Court of Appeal of California, Second District, Division Two
Nov 26, 1952
114 Cal.App.2d 394 (Cal. Ct. App. 1952)


In Hopkins v. Yellow Cab Co. (1952) 114 Cal.App.2d 394 [ 250 P.2d 330], a taxicab company contracted with a school district to provide exclusive transportation for handicapped students during specified hours on a regular basis.

Summary of this case from Webster v. Ebright


Docket No. 19082.

November 26, 1952.

APPEAL from a judgment of the Superior Court of Los Angeles County. Fred Miller, Judge. Reversed.

Action for damages for personal injuries sustained by pupil while being transported from school in a taxicab. Judgment for plaintiff reversed.

Joseph A. Ball for Appellants.

Russell H. Pray and William C. Price for Respondent.

Appeal from a judgment on a single question of law: did defendants in transporting plaintiff and other school children in a taxicab, commonly used as a common carrier, owe plaintiff the duty of exercising the highest degree of care for her safety or merely ordinary care?

The Long Beach Unified School District had in attendance at its schools a number of physically and mentally handicapped children. It contracted with the Yellow Cab Company of Long Beach to furnish an automobile and driver for the transportation of such children from their homes to school in the mornings, to their homes and return at noon, and back to their homes in the afternoon. The automobile under contract was licensed by the Public Utilities Commission of California as a taxicab. Its driver, defendant Sanders, entered upon his duties daily at 7:30 a.m. and left at 5:30 p.m. During such hours he was engaged in the public carriage of passengers as a common carrier under a franchise from the city. But while conveying the school children back and forth between 8 and 9 a.m. and 12 noon and 4 p.m. the automobile and driver were subject to the orders of the unified school district pursuant to a written contract for the cab company to provide six yellow cabs for such service to the school district. By the contract, such cabs were supplied with drivers who were "required to assist children from their homes or school to the taxicabs and from the taxicabs to the inside of the school or to their homes . . . and to follow the shortest and safest route to or from the schools unless authorized otherwise"; also, during the periods of conveying such children no other passenger "shall be transported at the same time" a school child is in the conveyance. The cab company and its drivers were required to comply in all respects with the pertinent statutes and city ordinances and the latest regulations of the State Department of Education. The contract for the service of the taxicab and drivers was made pursuant to section 16251 of the Education Code.

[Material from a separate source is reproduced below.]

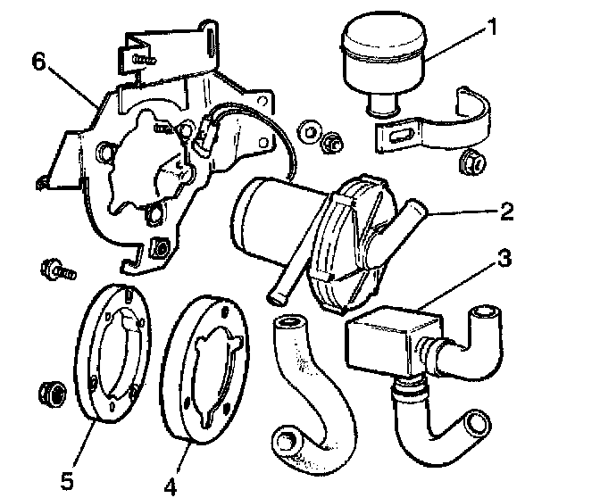 2. Install the secondary air pump to the secondary air pump damper ring (4).

"The governing board of any school district may provide, with the written approval of the county superintendent of schools, for the transportation of pupils to and from school whenever in the judgment of the board such transportation is advisable and good reasons exist therefor. The governing board may purchase or rent and provide for the upkeep, care, and operation of vehicles, or may contract and pay for the transportation of pupils to and from school by common carrier, or may contract with and pay responsible private parties for transportation."

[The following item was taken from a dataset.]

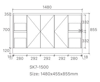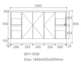 - Approximately 1500mm wide x 460mm deep x 880mm high

While Sanders was in such taxicab on his way with a number of children from the Clara Barton School to their respective homes, the door opened and respondent was precipitated from the cab to the street. This fall caused Helen serious injuries for which the jury awarded her damages. The sufficiency of the evidence is not attacked. No error is assigned other than the instruction that the driver of the automobile in which Helen was riding "was required to use the utmost care and diligence for the safety of said passenger . . . At the time of the accident . . . Yellow Cab Company . . . was a common carrier operating a taxicab . . . was required by law to use the utmost care and diligence for the safe carriage of plaintiff, to provide everything necessary for that purpose and to exercise a reasonable degree of skill . . . The care required of it, however, was the highest that reasonably could have been exercised consistently with the mode of transportation used . . . This requirement must be measured in the light of the best precautions that were in common practical use in the same business and proved to be most efficacious . . . Ordinarily it is necessary to exercise greater caution for the protection and safety of a young child than for an adult . . . One dealing with children must anticipate the ordinary behavior of children. The fact that they usually cannot and do not exercise the same degree of prudence for their own safety as adults, that they are thoughtless and impulsive, imposes a duty to exercise a proportional vigilance and caution on those dealing with children."

Appellants complain that not only were such instructions given at the time of submitting the case to the jury, but that during the course of deliberations the same instructions were re-read to the jury when they re-entered the courtroom and asked for "the instructions only relating to whether or not the safety requirement as applied to this case was adequate."

Inasmuch as the parties stipulated that the responsibility of the district and the cab company as principals was the same as that of the driver, the consideration of the criticized instruction will apply to all appellants alike.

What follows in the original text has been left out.